The file did have some comments that said to use this file you need to change the bit order, of course I don't know what it was talking about, but I assume I'm missing something.

So in short, what am I doing wrong?
I would be very surprised if /usr/local/bin is in PATH when rc.local is executing. On Ubuntu it is /sbin:/usr/sbin:/bin:/usr/bin

So


/usr/local/bin/SimpleSDL
exit 0
However I suggest you run the application from a console session first, rather than rebooting to test it, in light of your remark about bit order.

Spirrwell
August 24th, 2012, 11:17 PM
Alright I got it to sort of work. My program starts and displays a bitmap image of the earth.

The problem is the program loads slowly, and it doesn't respond to my keyboard input. It also won't load in my monitor's native resolution of 1680x1050. It loads as if I were running it from the console without a window manager, which I didn't even know that was possible. I'll work on it some more.

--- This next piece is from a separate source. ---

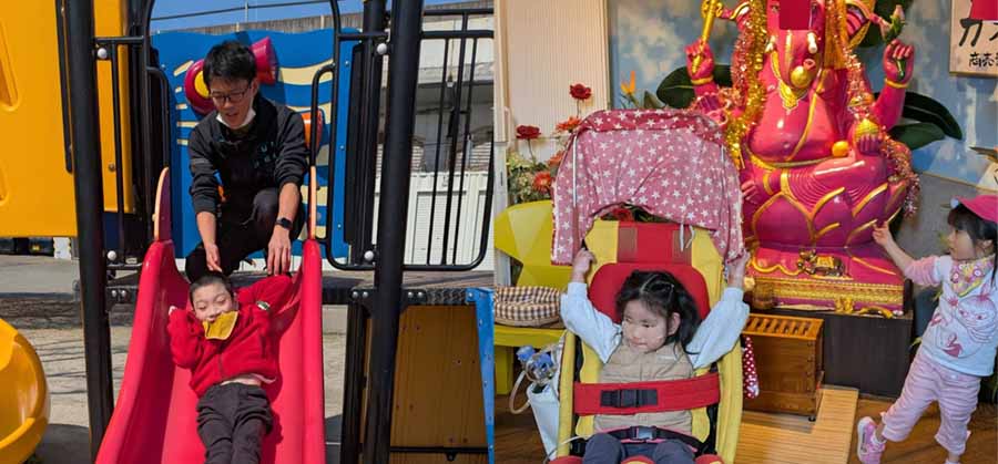 平和蒲鉾でお買い物の練習。ガネーシャにも久しぶりに会えたけどちょっと怖かったかな〜。

Edit: Okay I realized that the program does respond to my input until I press the escape key to try and quit. It will just hang there.

Edit2: As for that bit order thing, it actually says that by default the rc.local script does nothing, and in order to enable it you have to change the execution bits

Also, it seems as though it will only boot into my program every couple of reboots.

Spirrwell
August 25th, 2012, 05:24 AM
Alright, I've only be doing this through VirtualBox, but Windows 8 crashed and somehow GRUB re-installed itself on my computer when I know for a fact I had overwritten it installing Windows 8. So I had access to Linux Mint on real hardware, and I did a little more playing around.

I re-wrote the same program and was able to launch it directly from the CLI fullscreen, although if I tried to quit the program, it would crash. I couldn't run a program I wrote that used OpenGL with the error "OpenGL is not available."

Before I tried launching the matchbox desktop environment directly from the rc.local file, it didn't seem to do anything. I don't currently have matchbox installed and I'm in Windows 7 at the moment, but what file\command should I use for initializing X with one of the desktop environments so I could load up a program that does use OpenGL and whatnot?

This has actually been a fun learning experience so far, I'll keep messing with it.

conradin
August 26th, 2012, 10:16 PM
Koisk is one direction, tough it would seem to come with a lot of extra overhead. whats this 1 program running on? Is embedded linux an option?

theres lots of striped down versions of linux, stuff like DSL, and tinycore, or compile only what you need with gentoo. I would consider booting in to single user mode, or possibly, multiusermode (2) w/o networking.

something like this might be of interest.